The undersigned hereby constitutes and appoints each of Kevin R. Lind or his
successor, Steven W. Spector or his successor, Veronica Vallejo or her
successor, and each of them acting singly, as the true and lawful
attorney-in-fact of the undersigned to:

(1)	execute for and on behalf of the undersigned, in the undersigned's capacity
as an employee, officer and/or director (or pending employee, officer and/or
director) of Arena Pharmaceuticals, Inc. (the "Company"), Form IDs and Forms 3,
4, and 5 in accordance with Section 16(a) of the Securities Exchange Act of 1934
and the rules thereunder;

(2)	do and perform any and all acts for and on behalf of the undersigned which
may be necessary or desirable to complete and execute any such Form ID, 3, 4, or
5, complete and execute any amendment or amendments thereto, and file such form
with the United States Securities and Exchange Commission and any stock exchange
or similar authority; and

(3)	take any other action of any type whatsoever in connection with the
foregoing which, in the opinion of such attorney in fact, may be of benefit to,
in the best interest of, or legally required by, the undersigned, it being
understood that the documents executed by such attorney in fact on behalf of the
undersigned pursuant to this power of attorney (this "Power of Attorney") shall
be in such form and shall contain such terms and conditions as such attorney in
fact may approve in such attorney in fact's discretion.

The undersigned hereby grants to each such attorney in fact full power and
authority to do and perform any and every act and thing whatsoever requisite,
necessary, or proper to be done in the exercise of any of the rights and powers
herein granted, as fully to all intents and purposes as the undersigned might or
could do if personally present, with full power of substitution or revocation,
hereby ratifying and confirming all that such attorney in fact, or such attorney
in fact's substitute or substitutes, shall lawfully do or cause to be done by
virtue of this Power of Attorney and the rights and powers herein granted.  The
undersigned acknowledges that the foregoing attorneys in fact, in serving in
such capacity at the request of the undersigned, are not assuming, nor is the
Company assuming, any of the undersigned's responsibilities to comply with
Section 16 of the Securities Exchange Act of 1934.

This Power of Attorney shall remain in full force and effect until the
undersigned is no longer required to file Forms 3, 4, and 5 with respect to the
undersigned's holdings of and transactions in securities issued by the Company,
unless earlier revoked by the undersigned in a signed writing delivered to the
Company, attention the foregoing attorneys in fact.

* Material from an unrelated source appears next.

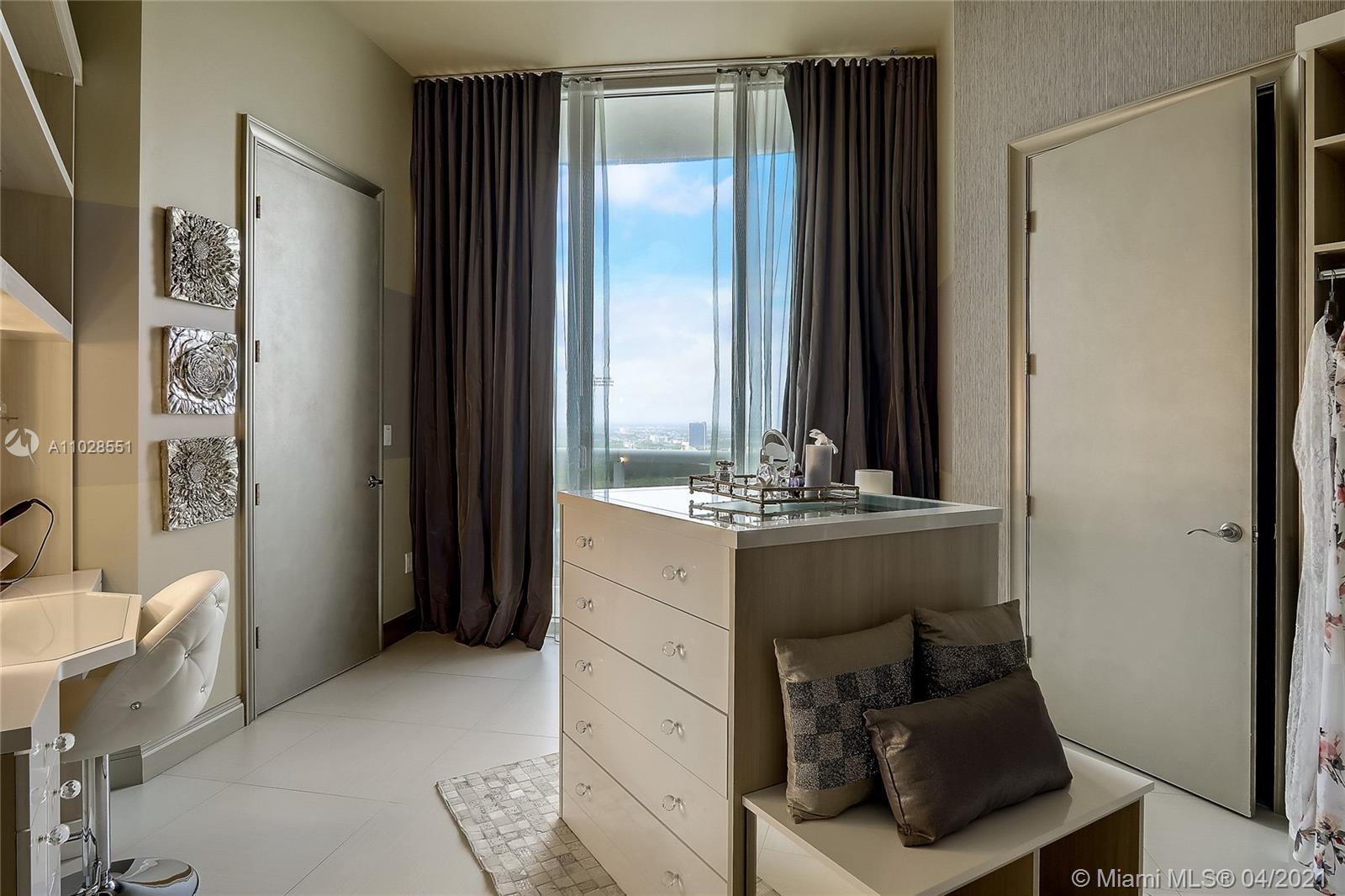 Welcome to Trump Tower I Sunny Isles #3404 – a stunning home in the sky with 11 ft. ceilings and direct ocean and intracoastal views. Beautifully designed and finished, with floor to ceiling windows, this flow through residence gets warm natural sunlight from sunrise to sunset. Marble floors throughout. Private foyer entry. Original floor plan has been modified, with the Seller converting the 2nd bedroom into a spectacular dream walk-in closet, and the den/bedroom converted into an office. Trump Tower I is a full service luxury ocean front building with state of the art two level fitness center, steam & sauna, concierge services with a beach club and restaurant services.

This Power of Attorney supersedes any previous power of attorney granted by the
undersigned, in the undersigned's capacity as an employee, officer and/or
director of the Company, and relating to Form ID, 3, 4, or 5.

IN WITNESS WHEREOF, the undersigned has caused this Power of Attorney to be
executed as of this 16th day of January 2017.